Op Fri, 29 Dec 2017 22:48:30 +0100 schreef Daniel Kahn Gillmor
<d...@debian.org>:
On Tue 2017-12-26 22:24:59 +0100, Floris wrote:
I'm not sure this is a VLC bug, although I think it is odd that VLC 3
has
a Chromecast feature, but it isn't working. Maybe build vlc without
Chromecast support in Debian until Google and/ or GnuTLS has a decent
fix
for this issue. Or make a workaround.
Dropping chromecast support in debian doesn't seem like great option to
me if it's available upstream. And GnuTLS has at least two different
fixes available.
One approach (as noted in my earlier post on this bug report) is to
explicitly grant that self-signed cert root CA status. But that's
generally unpleasant, because it means that cert can MITM any of your
other connections.
A better approach to connecting to a persistently-named, self-signed
chromecast stream would be for VLC to take advantage of GnuTLS's "TOFU"
(trust on first use) functionality:
https://gnutls.org/manual/gnutls.html#Certificate-verification
or, if we already know that chromecast is never a strongly-secured
connection, we could just disable authentication on chromecast
connections (i do not have a chromecast, and i do not know what security
posture chromecast users expect from their connections).
hth,
--dkg
I think a lot of end users expect the "it just works" method. When you
cast something from Chrome/ Chromium to the Chromecast there isn't a
warning about a certificate. In addition, the certificate issued by the
chromecast is only valid for 2 days. Does it mean that you get a new
warning every two days? So I tend more to the last option.

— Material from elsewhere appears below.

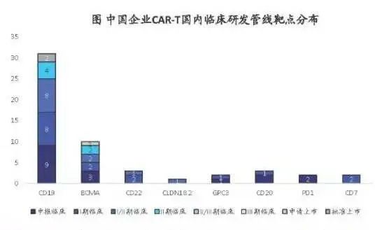 目前中國企業(yè)在國內開展的CAR-T臨床管線主要集中于CD19與BCMA,也有一些公司在新靶點上做出突破,如科濟藥業(yè)在CLDN18.2的胃癌實體瘤中展現(xiàn)CAR-T療法的初步療效。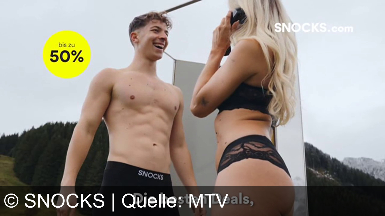 Ein Mann und eine Frau in Unterwäsche stehen draußen in einer bergigen Landschaft. Der Mann lacht, die Frau hält ein Smartphone ans Ohr. Text im Bild: "Die besten Deals, bis zu 50%". Oben rechts steht "SNOCKS.com".

gnutls-cli 192.168.1.14:8009
Processed 149 CA certificate(s).
Resolving '192.168.1.14:8009'...
Connecting to '192.168.1.14:8009'...
- Certificate type: X.509
- Got a certificate list of 1 certificates.
- Certificate[0] info:
- subject `CN=c036e8e6-dce8-c593-4624-e743f8eb7f04', issuer
`CN=c036e8e6-dce8-c593-4624-e743f8eb7f04', serial 0x07b58554, RSA key 2048
bits, signed using RSA-SHA256, activated `2017-12-29 09:57:32 UTC',
expires `2017-12-31 09:57:32 UTC',
pin-sha256="lqW7HJ396wf5w02vBO0Oyu3Os05S7OKUunht17mBwQE="
Public Key ID:
sha1:6b30af9317dcec5b8f16671aff24ccfa8af38bd4
sha256:96a5bb1c9dfdeb07f9c34daf04ed0ecaedceb34e52ece294ba786dd7b981c101
Public Key PIN:
pin-sha256:lqW7HJ396wf5w02vBO0Oyu3Os05S7OKUunht17mBwQE=
Public key's random art:
+--[ RSA 2048]----+
| |
| |
| |
| |
| o.So |
| +o.o.ooo |
| .+o. EB+ .|
| oo..o+o+.o |
| .o +=*+o..|
+-----------------+
- Status: The certificate is NOT trusted. The certificate issuer is
unknown. The certificate chain uses insecure algorithm. The name in the
certificate does not match the expected.
*** PKI verification of server certificate failed...
*** Fatal error: Error in the certificate.
*** handshake has failed: Error in the certificate.